Acórdão nº 7053/12.7TBVNG.P1 de Court of Appeal of Porto (Portugal), 27 de Março de 2017

Magistrado ResponsávelJORGE SEABRA
Data da Resolução27 de Março de 2017
EmissorCourt of Appeal of Porto (Portugal)

Processo n.º 7053/12.7TBVNG.P1 - Apelação Origem: VN Gaia – Instância Central – 3ª Secção Cível – J3 Relator: Jorge Seabra 1º Adjunto Des.

Sousa Lameira.

  1. Adjunto Des.

    Oliveira Abreu* *Sumário: I. Na prestação de serviços médicos por hospital privado, com escolha de médico pelo paciente, existe um vínculo contratual entre o hospital e o paciente e entre este último e o médico por si escolhido.

    1. Em acto médico do qual resultaram danos na integridade física do paciente existe um concurso aparente entre a responsabilidade civil aquiliana ou extracontratual e a responsabilidade contratual; Ainda assim, o regime aplicável será o da responsabilidade contratual por ser, em regra, o que se apresenta como o mais favorável ao lesado/doente.

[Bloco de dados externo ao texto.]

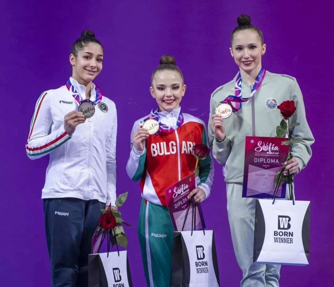 В Софии (Болгария) завершился очередной этап Кубка мира по художественной гимнастике. В последний день соревнований представительница сборной Узбекистана Тахмина Икромова завоевала по 1 золотой и бронзовой медали. Наша соотечественница поднялась на высшую ступень пьедестала почёта в упражнении с лентой. А в программе с мячом удостоилась бронзовой награды.

    2. No âmbito de contrato de prestação de serviços médicos, com fins curativos ou terapêuticos, a obrigação do médico é, via de regra, uma obrigação de meios; Destarte, para a verificação do pressuposto de ilicitude não basta ao lesado demonstrar a não verificação ou a desconformidade do resultado almejado, sendo mister a demonstração de que o médico incumpriu as «leges artis» concretamente aplicáveis ao caso.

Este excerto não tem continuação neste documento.